Luego, en 1930 pasa una temporada en el centro experimental de Lancetilla, Honduras. Realiza cuatro viajes a Guatemala, a comienzos de los años treinta. En 1935 se traslada a Costa Rica, donde, con ausencias cortas, ha residido en los años posteriores. Entre 1940 y 1941 viaja a América del Sur para levantar una especie de censo sobre las reservas del árbol de hule, por encargo del Departamento de Agricultura de los Estados Unidos. Después de ese viaje compra una finca en Costa Rica, en 1941, y se establece allí de por vida. Todos estos años de vagabundeo por los trópicos le permiten hacer gran acopio de observaciones que darán material para artículos y libros. Después de establecerse en Costa Rica en su finca, se dedica a labores propias de ella en pequeña escala, a observar y estudiar los seres vivos que le rodean, y a escribir sobre montañas, ríos, árboles y flores, insectos de muchas clases, reptiles y mamíferos, faenas agrícolas primitivas en tierras rústicas, y algo sobre la gente entre quien ha vivido, aunque su tema principal son los pájaros.

¿Cómo definir la obra de Skutch? ¿Se trata de un naturalista, de un escritor, de un filósofo, de un poeta, de un hombre de ciencia, de un viajero? Probablemente sea todo eso y algo más. Muchos textos suyos, constituyen minuciosas descripciones sobre la vida de diversos pájaros, con el ojo de un observador a quien no se le escapa detalle. No es exagerado decir que un dibujante podría sin mucha dificultad, reproducir los ejemplares descritos, como si los estuviera viendo.
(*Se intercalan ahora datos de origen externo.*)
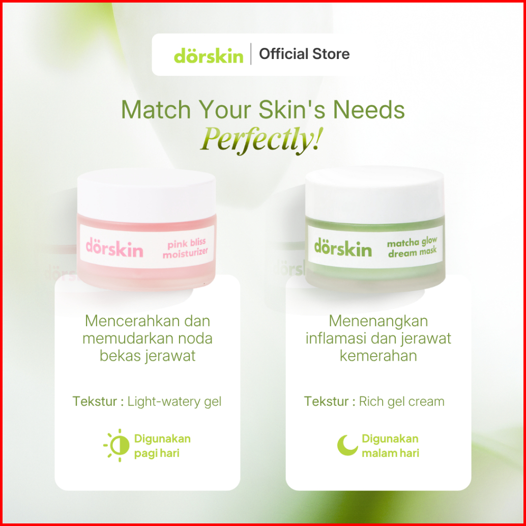 Dorskin Double Moisturizer Calm Glow Skincare Pack Dorskin Matcha Glow Dream Mask Pink Bliss Moisturizer 2in1 Acne Care
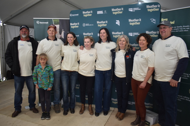 Pictured at the launch of Weather it Together at the Yorke Peninsula Field Days are, from left, Steve Whillas, Ben Lehmann with Edie Lehmann, Annabelle Ottens, Kate Gunn, Caroline Rhodes, Jo Collins, Justine Drew and John Gladigau. (Jarrad Delaney: 507726)
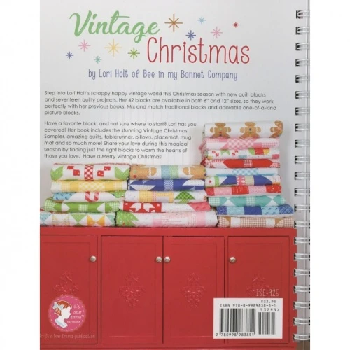Lori Holt of Bee in my Bonnet Company is excited to celebrate her favorite season with a new book from ItÂ’s Sew Emma – Vintage Christmas! Step into LoriÂ’s scrappy happy vintage world this Christmas season with all-new quilt blocks and over ten quilty projects. Her 42 blocks are available in both 6” and 12” sizes, so they work perfectly with her previous books and mix traditional blocks and adorable one-of-a-kind picture blocks.Have a favorite block,and not sure where to start? Lori has you covered Â… her book also includes the stunning Vintage Christmas Sampler, other amazing quilts, tablerunner, tree skirt, placemat, mug rug and so much more! Share your love during this magical season by finding just the right blocks to warm the hearts of those you love. Have a merry Vintage Christmas.
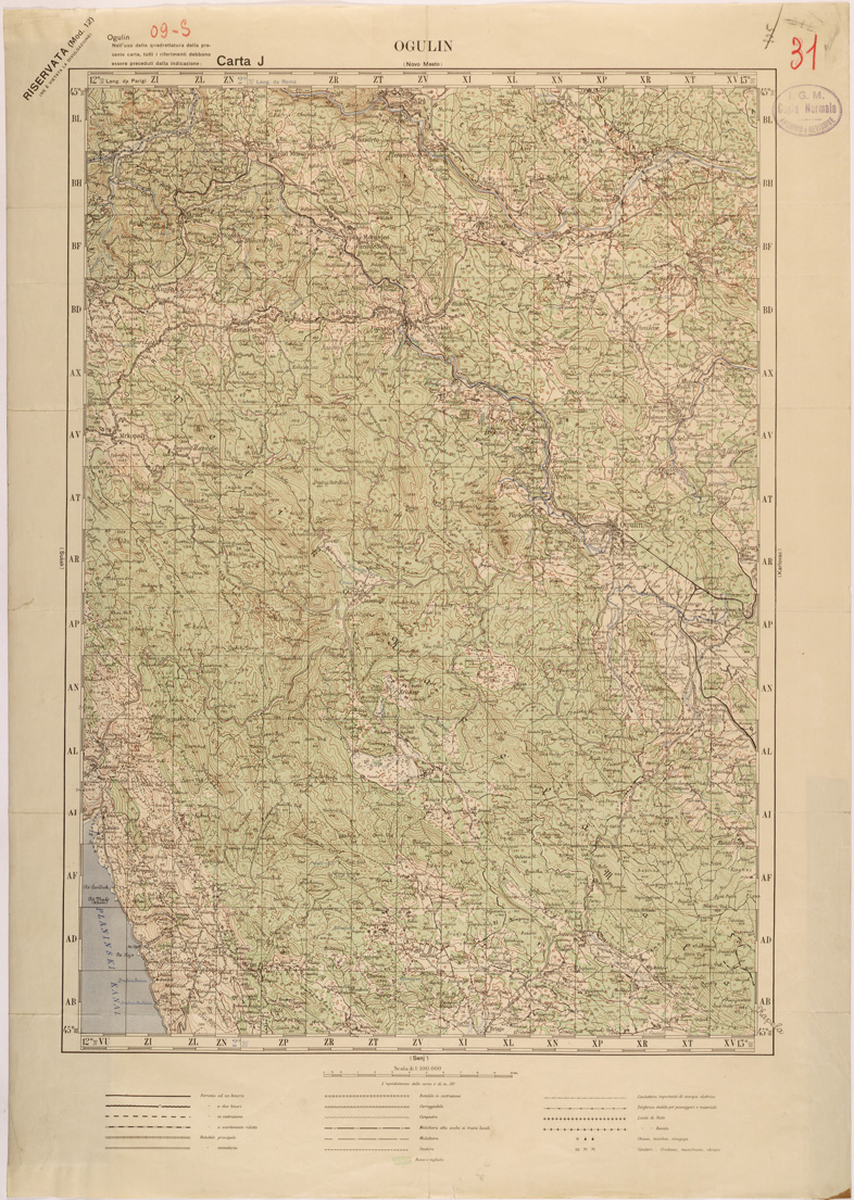 "Carta compilata dalla divisione cartografica dell' IGM dal Settembre 1939 ad Aprile 1940 con aggiornamenti del 1941 per viabilità e toponomastica, gli originali furono ricavati dal ridisegno della carta Jugoslava alla stessa scala traducendo i toponimi originali, in parte Latini in parte Cirillici. Lavoro ordinato dal Comando di Stato Maggiore per le Forze Armate operanti nella zona."
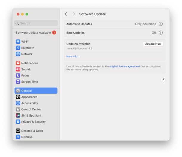 - 单击“立即更新”以安装 MacOS Sonoma 14.2 的更新

Los recuentos de actividades de un pájaro que construye su nido, o de una pareja alimentando a sus pichones, es como ver una película en cámara lenta. Skutch aplica todos sus sentidos para percibir todas las sensaciones que puede comunicarnos un ser vivo. Puede pasar muchas horas encerrado en su escondite de tela a escasos metros de un nido, o permanecer inmóvil el tiempo suficiente para dejar que un colibrí se acerque hasta casi tocarlo. No hay hora del día o de la noche en que falte a una cita para observar el nacimiento de un pichón o el cambio de guardia cuando ambos padres empollan a sus crías. Tampoco la lluvia, el frío, el calor o las molestias de los insectos son obstáculo para quien pasa horas y horas a la expectativa de algún acontecimiento que le permita conocer los hábitos de anidación, empollamiento, crianza de los pichones, aseo del nido, cooperativismo entre ciertas especies. Tal esfuerzo ha sido generosamente compensado —no solo por el conocimiento en sí, sino también con la vivencia de ciertos hechos singulares que le permiten añadir a sus descripciones y relatos, cierto sabor anecdótico, algunas reflexiones filosóficas y no pocos momentos de humor y poesía—. Esa parte de su obra, vinculada a las ciencias naturales, constituye una importantísima contribución en el campo de su especialidad, y es la que ha recibido mayor reconocimiento, dando oportunidad a la publicación de sus libros con el patrocinio de sociedades y universidades norteamericanas interesadas en la naturaleza, así como el apoyo mediante becas de la Fundación Guggenheim y del Museo Americano de Historia Natural, y al otorgamiento de honores, como la medalla Burroughs que se le concedió por el presente libro, en el año 1983.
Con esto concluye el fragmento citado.